Available data ▸
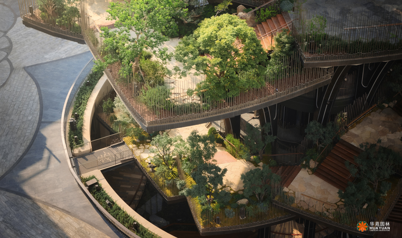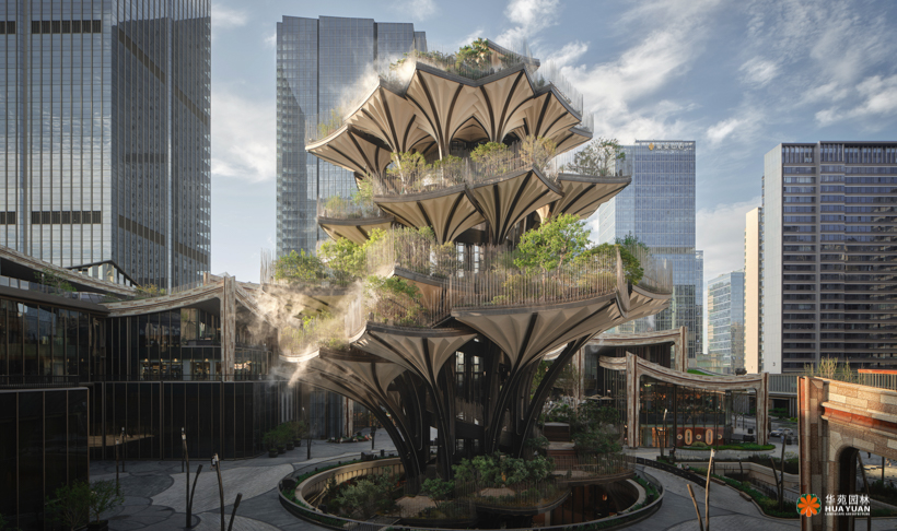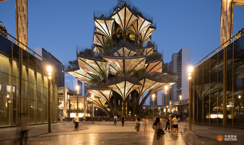 由国际著名建筑师托马斯·赫斯维克设计、灵感来源于西安古观音禅寺千年银杏的“生命之树”,位于西安两大轴线交汇处,成为整个CCBD项目的灵魂。项目景观以丝绸之路为灵感,重现丝绸之上亚欧大陆间七重生态气候景观和地域风貌。
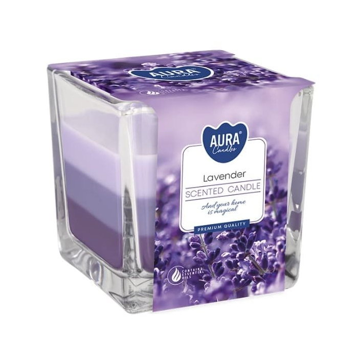 Dekoratívna 3-farebná vonná sviečka v skle s vôňou levandule.
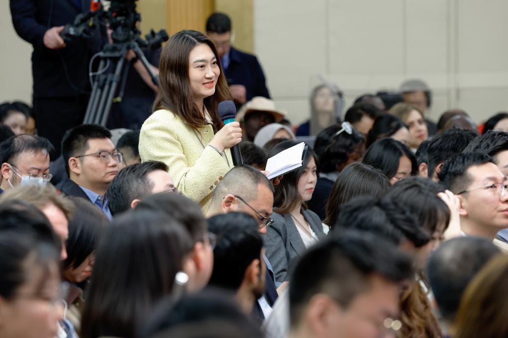 3月6日,十四屆全國人大三次會議在北京梅地亞中心新聞發(fā)布廳舉行記者會。國家發(fā)展和改革委員會主任鄭柵潔、財政部部長藍(lán)佛安、商務(wù)部部長王文濤、中國人民銀行行長潘功勝、中國證券監(jiān)督管理委員會主席吳清就發(fā)展改革、財政預(yù)算、商務(wù)、金融證券等相關(guān)問題回答中外記者提問。這是新華社記者在提問。
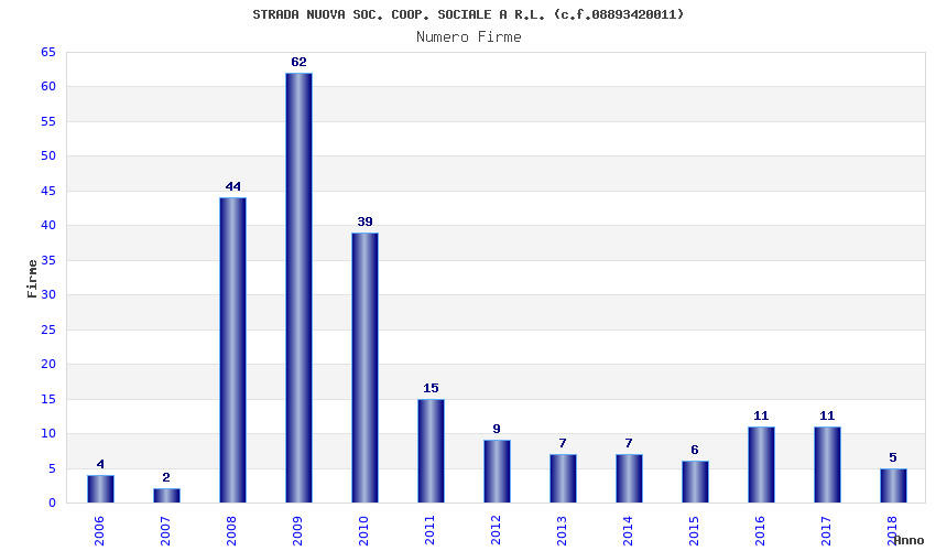 | Anno | Firme | Importi | Media | Naz. | Reg. | Prov. | Comu. |

Exercise ▸
The response has to be an exact copy of all the data, pictures excluded.

Task result ▸
 由国际著名建筑师托马斯·赫斯维克设计、灵感来源于西安古观音禅寺千年银杏的“生命之树”,位于西安两大轴线交汇处,成为整个CCBD项目的灵魂。项目景观以丝绸之路为灵感,重现丝绸之上亚欧大陆间七重生态气候景观和地域风貌。
 Dekoratívna 3-farebná vonná sviečka v skle s vôňou levandule.
 3月6日,十四屆全國人大三次會議在北京梅地亞中心新聞發(fā)布廳舉行記者會。國家發(fā)展和改革委員會主任鄭柵潔、財政部部長藍(lán)佛安、商務(wù)部部長王文濤、中國人民銀行行長潘功勝、中國證券監(jiān)督管理委員會主席吳清就發(fā)展改革、財政預(yù)算、商務(wù)、金融證券等相關(guān)問題回答中外記者提問。這是新華社記者在提問。
 | Anno | Firme | Importi | Media | Naz. | Reg. | Prov. | Comu. |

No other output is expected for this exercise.